Melbourne has put nine social housing tower blocks into 'hard lockdown'.

I have to admit to being surprised that such blocks exist in Australia! I know that not all housing can be detached with a swimming pool, as is the popular image of Australia but is anyone else surprised by this, in so rich, large and relatively empty country?

GrannyGravy13 Mon 06-Jul-20 13:30:12

We have family in Melbourne and have spent several months there. There are poorer areas in most cities worldwide.

Riverwalk Mon 06-Jul-20 13:34:21

There are poorer areas in all cities worldwide - that wasn't my point.

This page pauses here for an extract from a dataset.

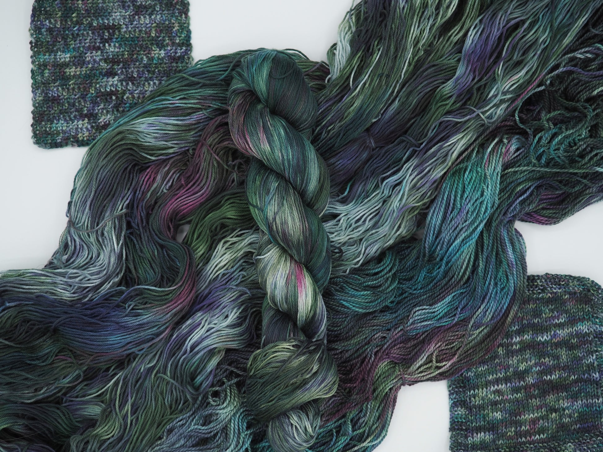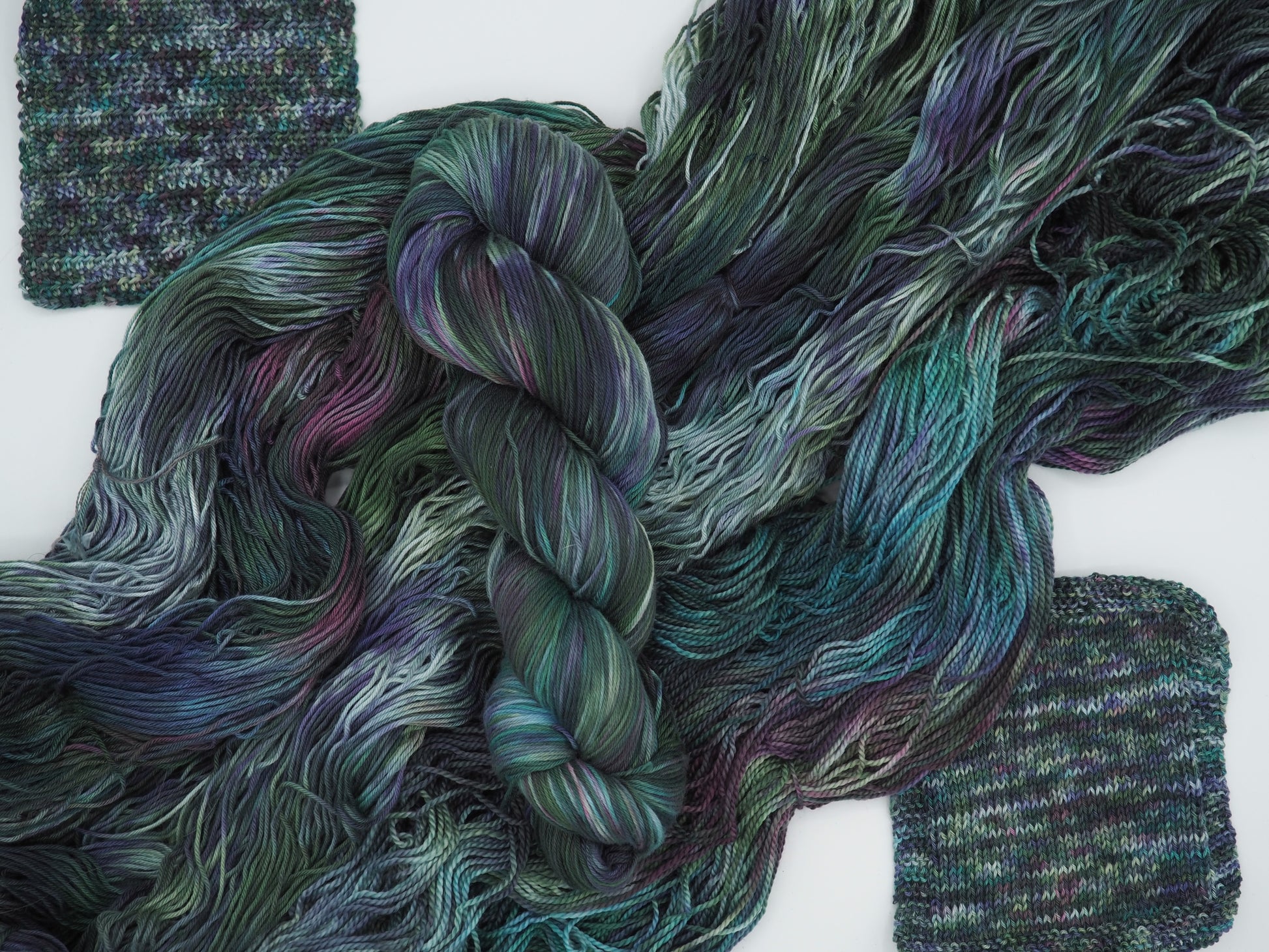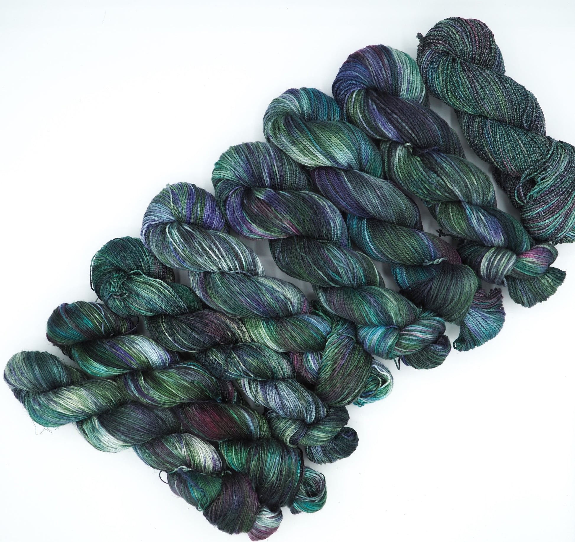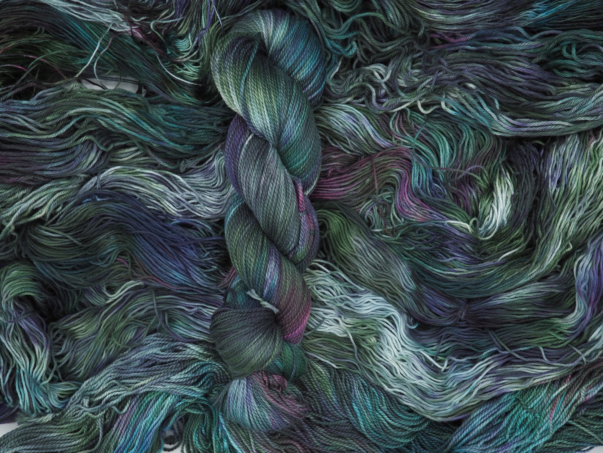 A deep green yarn featuring layers of bright blue, dusty deep pink, soft light greens and cool gray, and grays to moody it up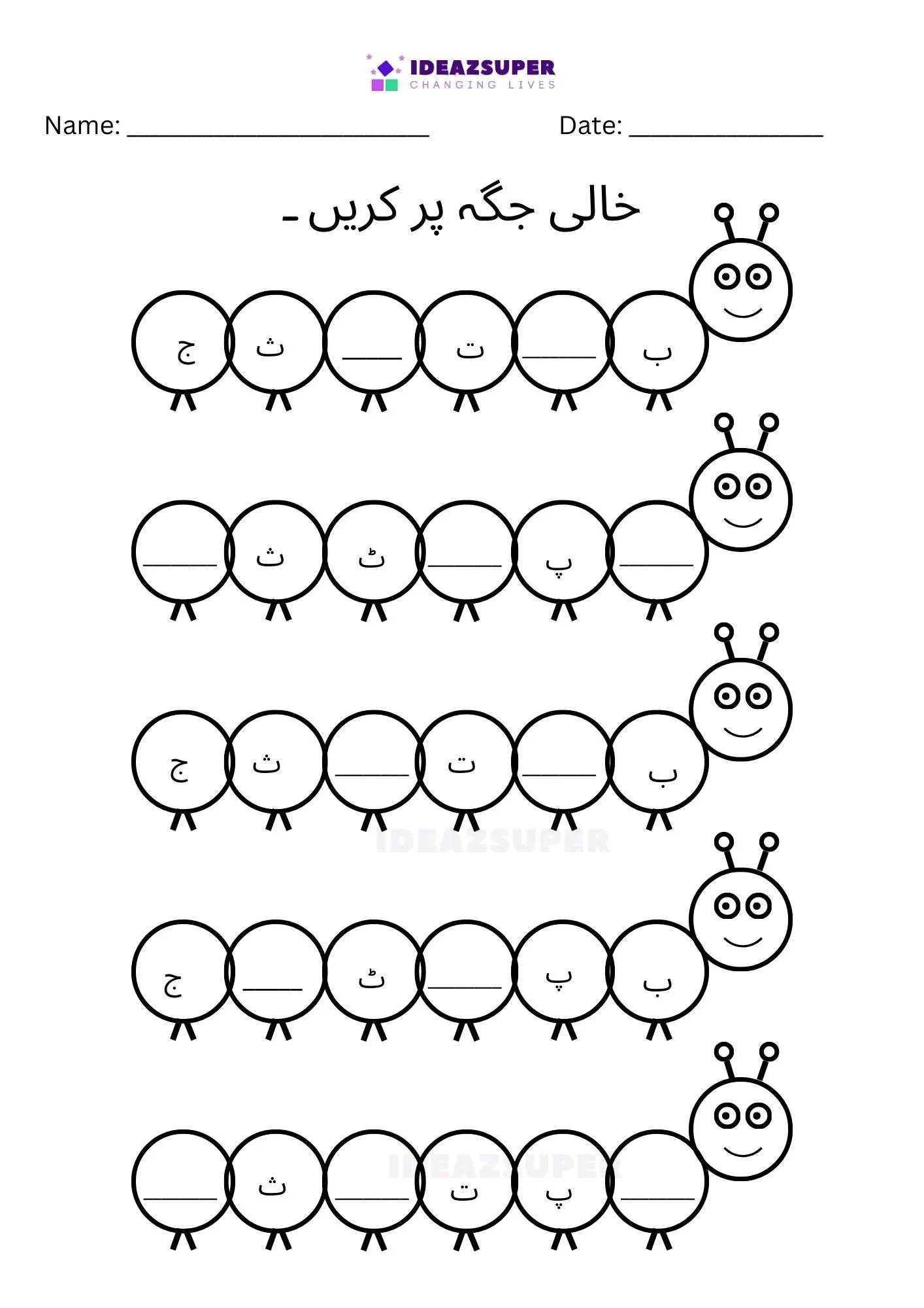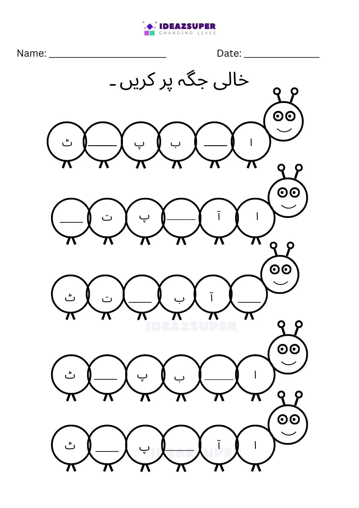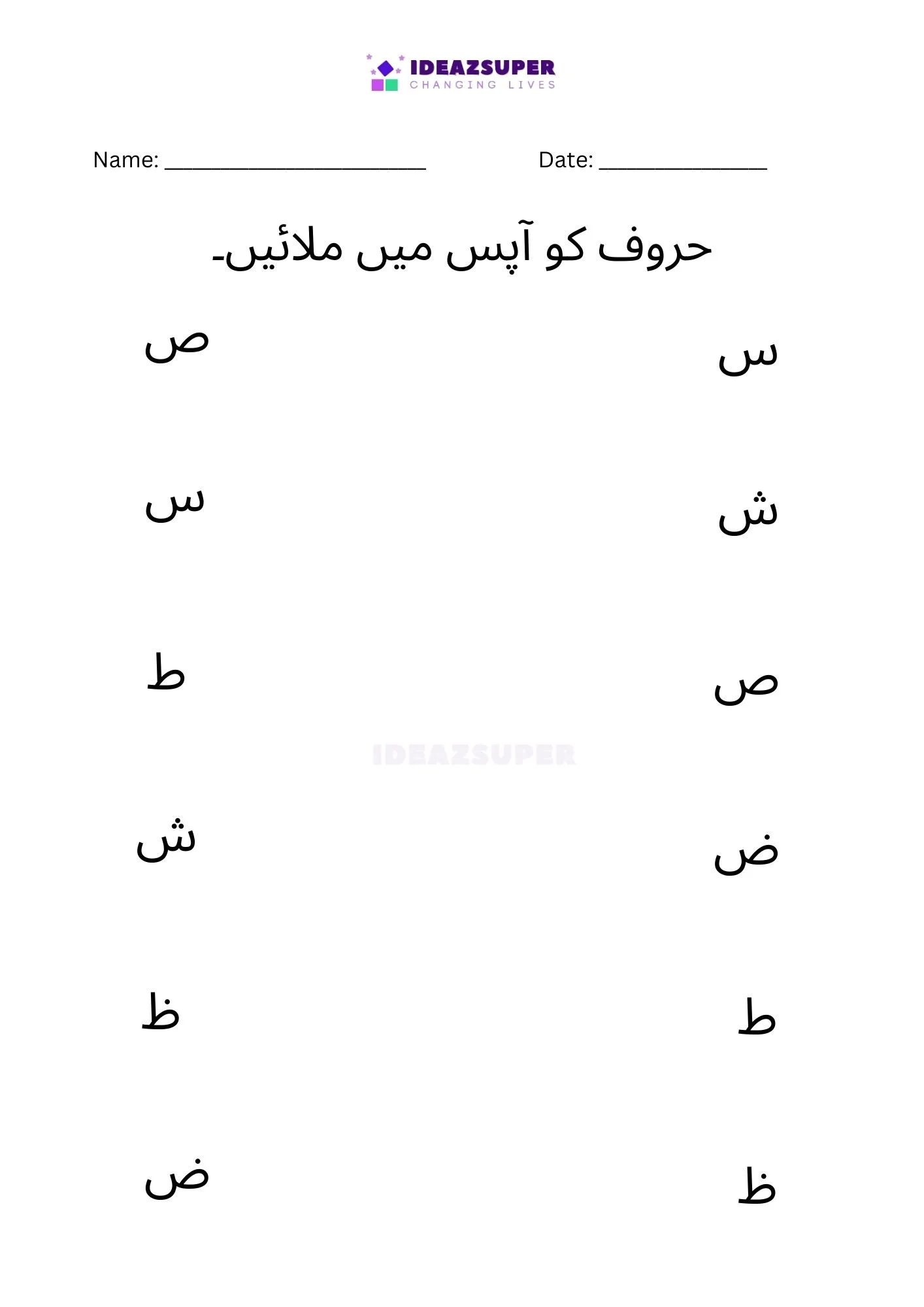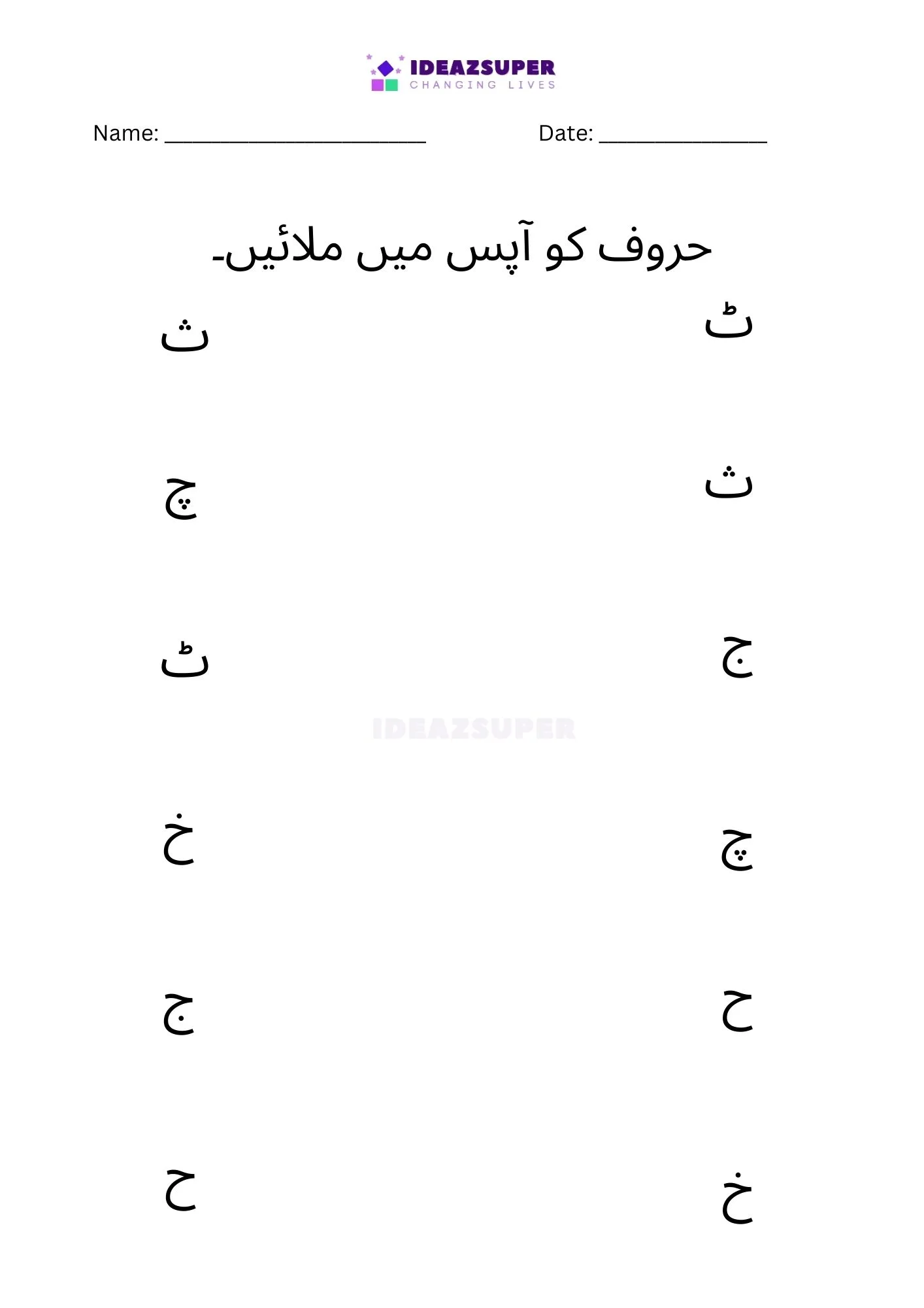 These worksheets guide children in matching full Urdu letters to their half-shapes (adhi ashkal). Designed for ages 2–5, the activity strengthens script recognition while building visual and cognitive skills. By treating half-shapes as puzzles, children gain a deeper understanding of letter structure in a fun, educational format.

Spice101 Mon 06-Jul-20 13:34:41

These tower blocks have been there for many decades. My father was a caretaker at some of them in the 70's and they had been around for many years then. They are also in areas where there is no available land to build any other housing on. People who live there would not be happy to be told they had to move out of the area into somewhere far less convenient for them.

While Australia is a large country and relatively empty the vast majority of settlement is down the east coast and extends only about 100 kilometers inland from the coast.

These days social housing tends to be in a different form but there are still a lot of the towers - or as they were always called housing commission flats.

EllanVannin Mon 06-Jul-20 13:36:19

I remarked on this yesterday when I posted to Rufus saying you'd have thought with the vast land that there is they'd have built outwards not upwards. What an ugly block of flats and look pokey too. I'm very surprised that such a build was allowed . It spoils the whole image of the country sad

SueDonim Mon 06-Jul-20 13:43:26

I live in NE Scotland and Aberdeen has many tower blocks, too. I’ve always wondered why they built upwards here when they could have built out without much detriment to the vast hinterland.

Calendargirl Mon 06-Jul-20 13:56:36

Although Australia is huge, I’m sure certain parts of it are uninhabitable.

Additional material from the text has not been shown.